A lot of articles on the internet suggest to up the calories intake to gain muscle mass, especially if you are a skinny body type with high metabolism.

I am confused, because aren't muscles grown from proteins only? So my guess is that you intake random calories, so your body burns them for general energy consumption, and on the top of that it uses proteins to repair muscle fibers that have been damaged during training. Do I have that right?

I need to understand what those articles mean and why, so I could calculate my calories and protein intake correctly.

  • Buy an anatomy book before considering building muscle.
    – user28091
    Apr 1, 2018 at 17:50

2 Answers 2


“I need to understand what those articles mean”

They are generalizing. It’s a true statement, just not an accurate one.

“and why,”

Either to keep it simple, or because they don’t know.

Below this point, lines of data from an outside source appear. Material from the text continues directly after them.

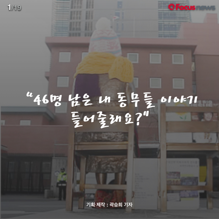 내 이름은 소녀상, 1000번 째 수요시위(2011.12.14) 때 일본대사관 앞으로 왔습니다. 이제 내 동무들은 46명만 남았고, 난 우리 정부에게 ‘적절히 해결될 존재’가 되버렸습니다.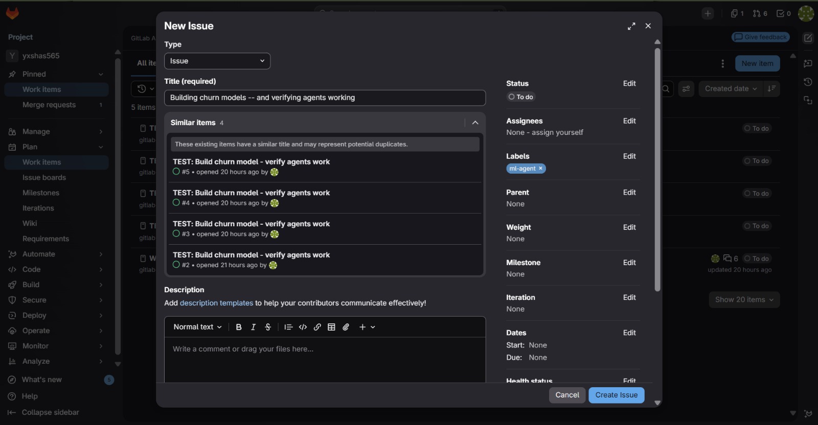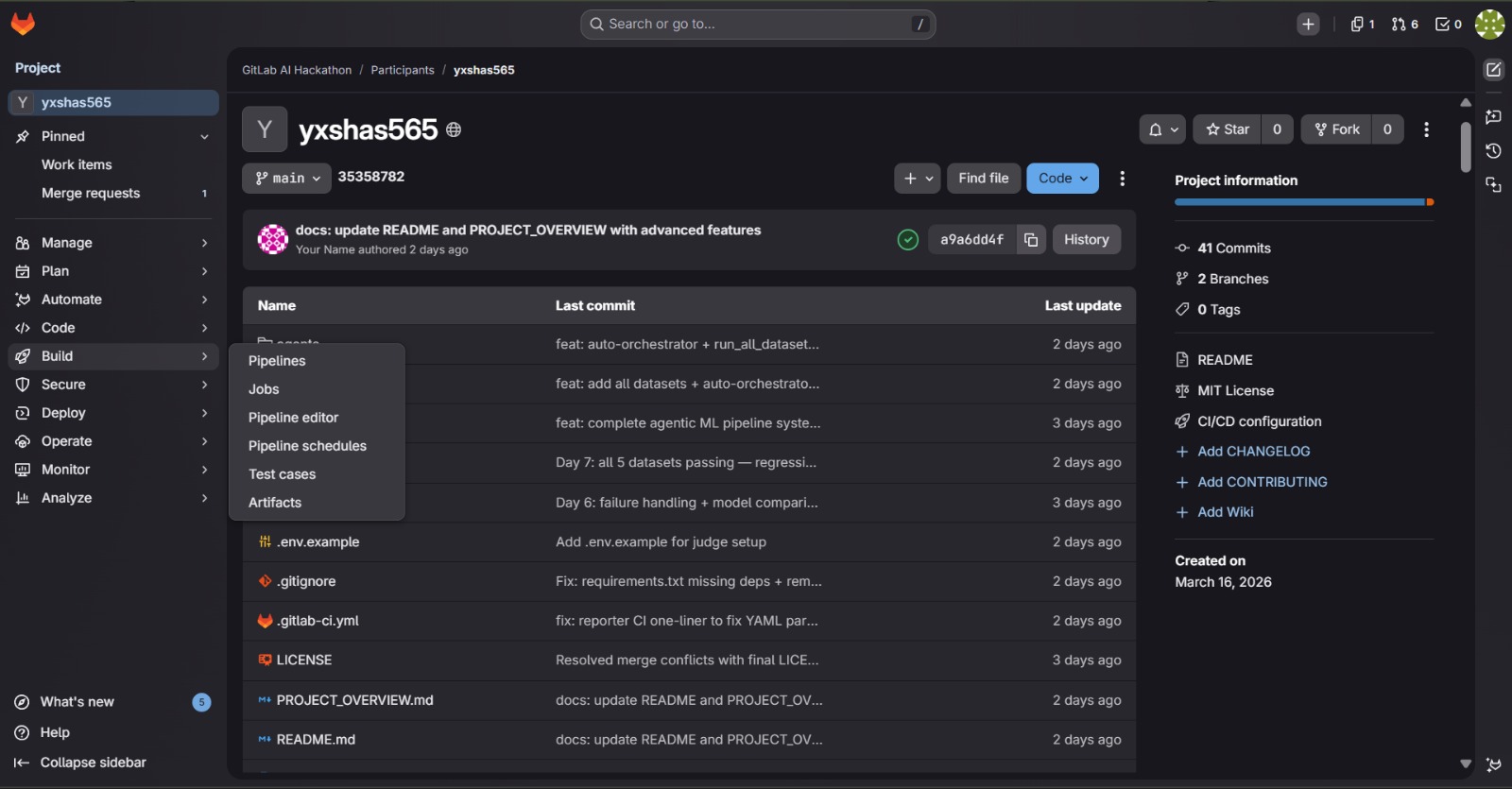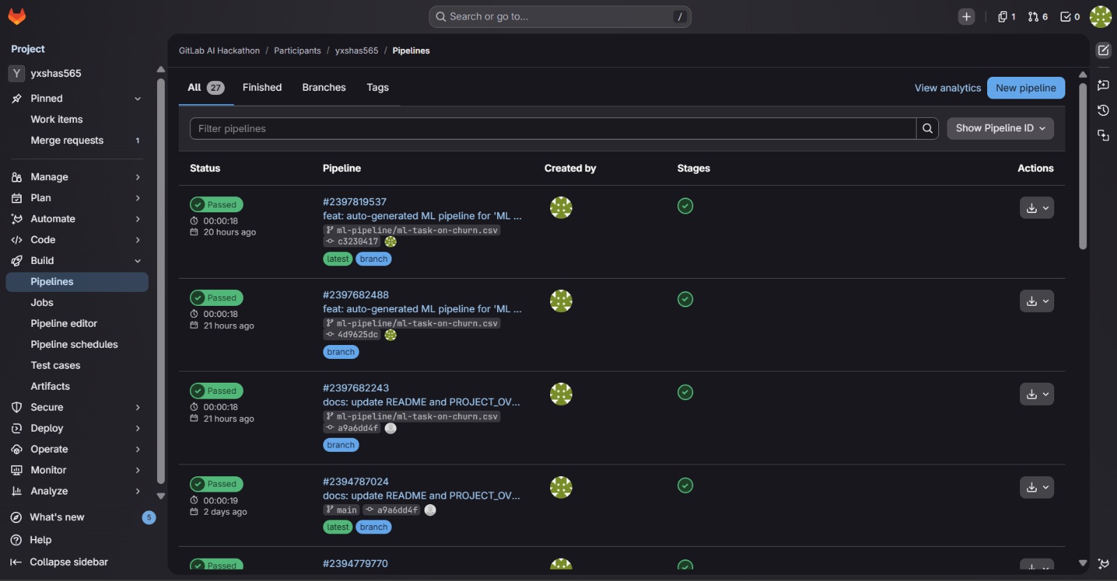 Transforms a GitLab issue into a production-ready ML pipeline in 2 minutes. File an issue with your dataset, and 5 autonomous agents orchestrate the entire pipeline creation — from data analysis to model training to results reporting.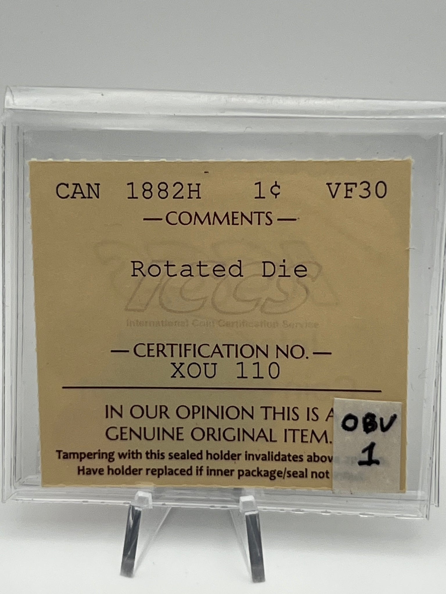 CANADA ONE CENT 1882 ICCS VF-30 Rotated Die OBV1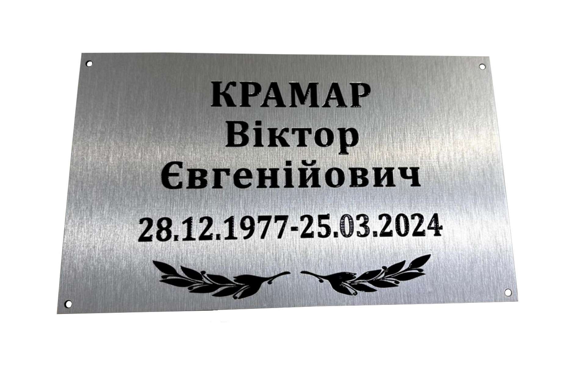 Ритуальна табличка кольорова з композиту на хрест. Текст кольоровий наноситься фарбою. Стійка до погодних умов.

“so I could calculate my calories and protein intake correctly.”

For Protein, you want to consume 1.5-2.0 times your kg body weight in grams of protein. You can do more if you want, but the benefits of doing so aren’t clear.

As for calories in general? Closely monitor ALL of your calories for a week and make sure to eat the same amount every day. At the end of the week, weigh yourself. If you lost weight, add 500 calories and repeat the experiment. If you maintained, add 250 calories and repeat the experiment. If you gain too much, just cut back.

Your goal weight gain should be 0-0.5 lbs per week, if you’re gaining more than that, it’s probably fat. As a general rule, a human male can only build 1-2 lbs of muscle a month, while a female can build 0.5-1 lb a month.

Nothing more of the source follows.